Search code examples
apache-kafkaapache-kafka-streamsstateful

How to clean up Kafka with Kafka Streams on rolling basis?


Data will get accumulated in both Kafka topics and Kafka Streams state stores over time, which will cause storage costs to grow. Is it safe to set up retention period for Kafka topics, for example a week, when data is moved between topics with Kafka Streams? My concern is if deletion of older data can impact data consistency and recoverability with Kafka Streams.

Also how can older data be safely purged from Kafka Streams state stores?


Solution

  • In KafkaStreams stores are backed by topics with a -changelog suffix. When a fresh application starts its store is populated from this topic.

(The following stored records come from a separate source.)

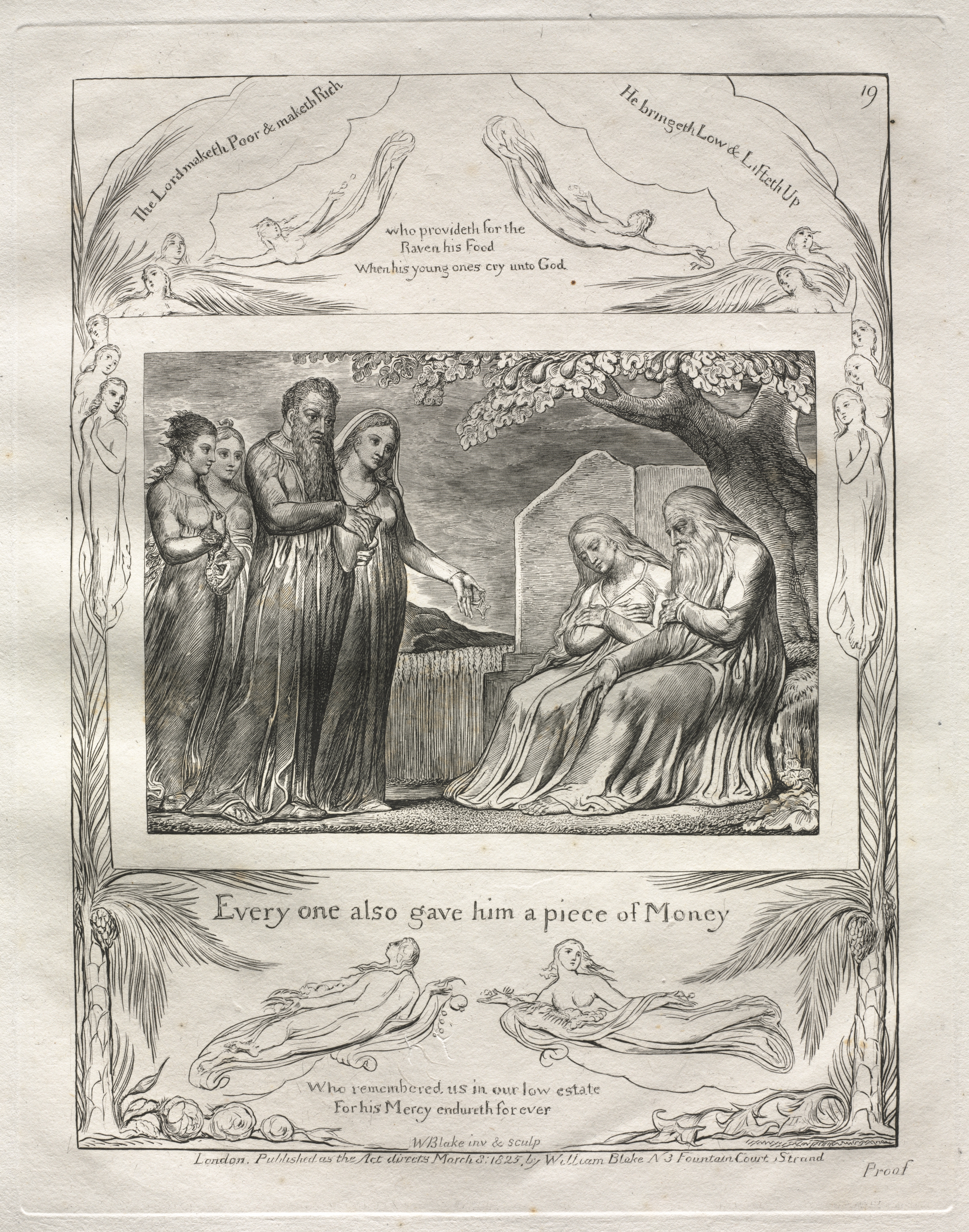The image depicts a page from a book with a black and white illustration. The illustration features an inner rectangular frame containing a scene with two men and three women. One man and two women are standing on the left, while the other man and woman are seated on the right. The standing man has a beard and wears a head covering; the seated man also has a beard and long hair. The standing women wear long dresses, while the seated woman wears a head covering and a long dress. The background includes a cloudy sky, a tree, and a house. The outer frame features various illustrations and text. At the top, two curved lines of text read "The Lord maketh Poor & maketh Rich. He bringeth Low & Lifth Up." Below this are two lines of text: "who provideith for the Raven his Food When his young ones cry unto God." The bottom of the frame features two reclining figures and text that reads "Every one also gave him a piece of Money." Additional text at the bottom includes "Who remembered us in our low estate For his Mercy endures for ever" and credits the artist with "W. Blake inv. & sc." The page number "19" is visible in the top-right corner.
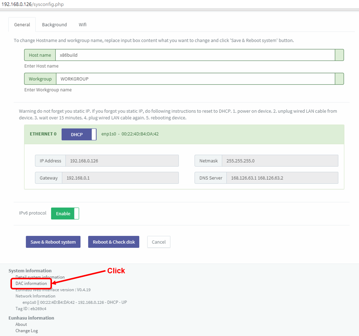 To check whether your DAC natively supports DSD playback in Eunhasu, please follow the steps below. Click the DAC information link at the bottom side of System config page.
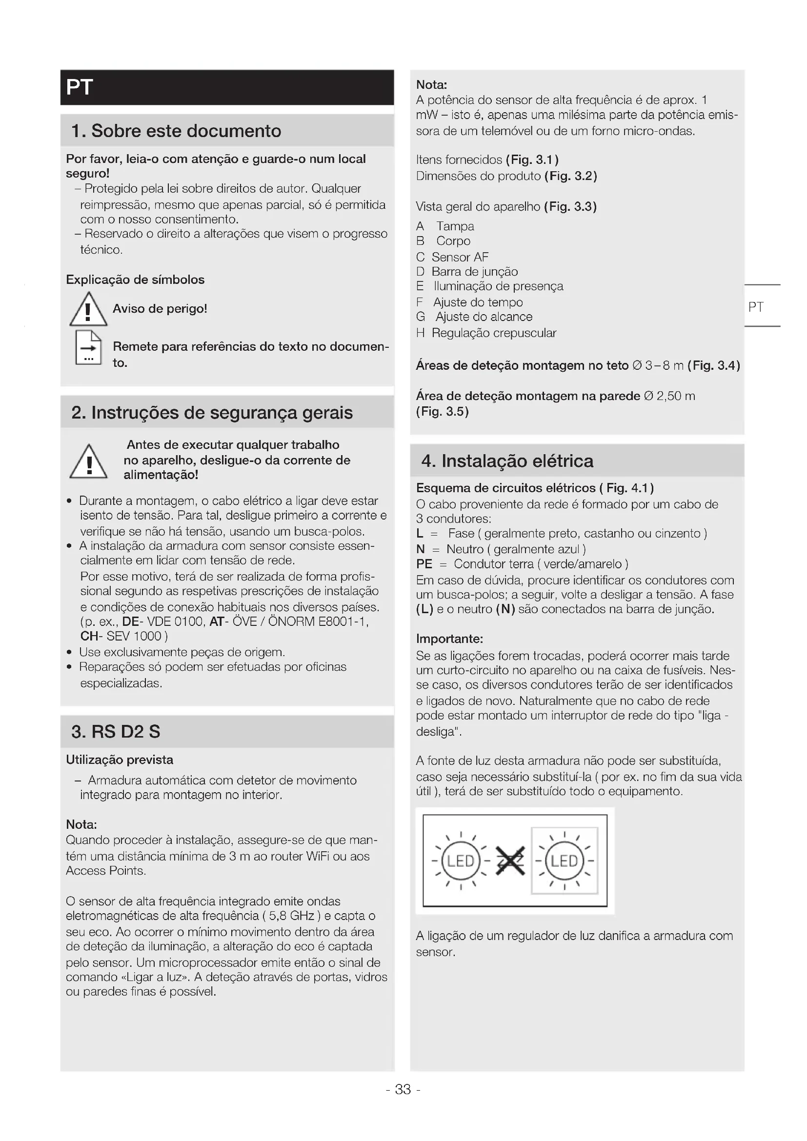 Aviso de perigo! Remete para referências do texto no documen-to 2 Instruções de segurança gerais Antes de executar qualquer trabalho no aparelho, desligue-o da corrente de alimentação! • Durante a montagem, o cabo elétrico a ligar deve estar isento de tensão. Para tal, desligue primeiro a corrente e verifique se não há tensão, usando um busca-polos. • A instalação da armadura com sensor consiste essen-cialmente em lidar com tensão de rede. Por esse motivo, terá de ser realizada de forma profis-sional segundo as respetivas prescrições de instalação e condições de conexão habituais nos diversos países. ( p.ex., DE- VDE 0100, AT- ÖVE / ÖNORM E8001-1, CH- SEV 1000 )• Use exclusivamente peças de origem.• Reparações só podem ser efetuadas por oficinas especializadas. 3 RS D2 S Utilização prevista – Armadura automática com detetor de movimento integrado para montagem no interior.Nota:Quando proceder à instalação, assegure-se de que man-tém uma distância mínima de 3m ao router WiFi ou aos Access Points.O sensor de alta frequência integrado emite ondas eletromagnéticas de alta frequência ( 5,8 GHz ) e capta o seu eco. Ao ocorrer o mínimo movimento dentro da área de deteção da iluminação, a alteração do eco é captada pelo sensor. Um microprocessador emite então o sinal de comando «Ligar a luz». A deteção através de portas, vidros ou paredes finas é possível.
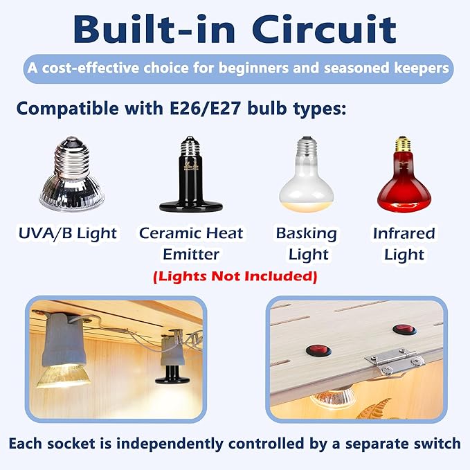 - 【Built-in Bulb Sockets】Featuring two built-in bulb sockets (three in the 40&48-inch version) compatible with E26/E27 heat bulbs, night lights, and more (bulbs not included). Easily set up your lighting for the perfect reptile habitat.
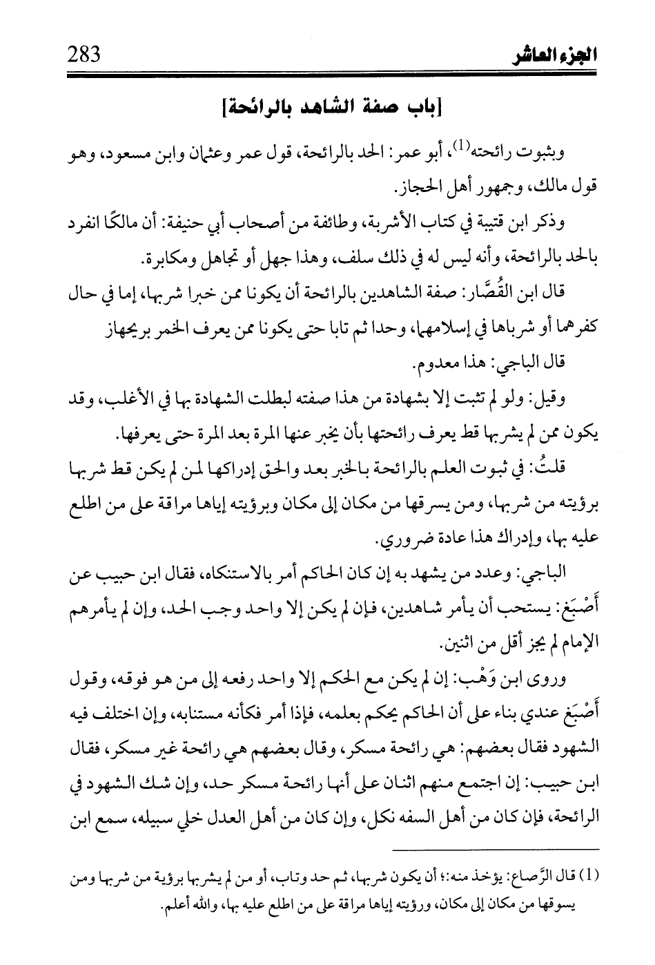 وبثبوت رائحته، أبو عمر: الحد بالرائحة، قول عمر وعثمان وابن مسعود، وهو قول مالك، وجمهور أهل الحجاز.
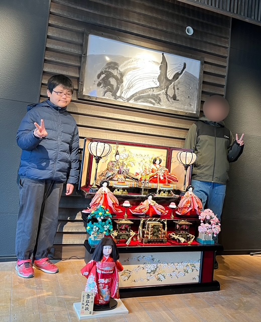 完成はこちら。今日は男の子だけのえーぽいんたーでしたが、頑張ってこんなにきれいに飾ることができました。気の合うふたり、男の子同志だけでどお雛さまとお内裏さまみたいだね。
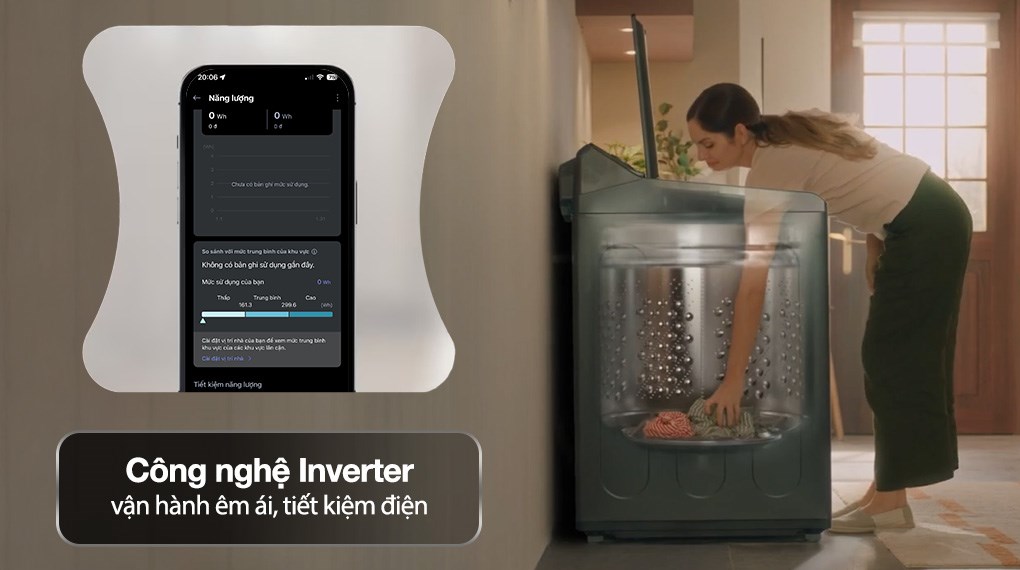 Bên cạnh hiệu suất giặt mạnh mẽ, máy giặt LG T2313DX5N còn ghi điểm nhờ khả năng tiết kiệm điện và nước hiệu quả. Máy được trang bị công nghệ Inverter hiện đại cho hiệu quả tiết kiệm điện vượt trội so với dòng máy giặt thông thường. Động cơ của máy hoạt động ổn định, bền bỉ theo thời gian, giúp người dùng yên tâm sử dụng lâu dài mà không lo chi phí sửa chữa. Đồng thời, máy vận hành êm ái, hạn chế tiếng ồn, tránh ảnh hưởng đến giấc ngủ của người dùng khi sử dụng máy giặt vào buổi tối.

As such it's important to set retention time on changelog topics to -1 and clean them up on your own.

    For standard topics you can rely on retention time for cleanup. However keep in mind one important thing: retention time is the minimum time of the record life, not the maximum. It might get cleaned up in a day or later. Also keep in mind that when cleaning up topics by publishing tombstones that these tombstones persist for much longer on the topic.

    The general approach on cleaning up your state store: utilize the punctuation api.

    The idea is that you'll utilize the punctuator to iterate the store and delete any records which you'd consider worthy of clean up.

    An alternate approach is to use TimestampedKeyValueStore which stores your values and timestamp of latest modification.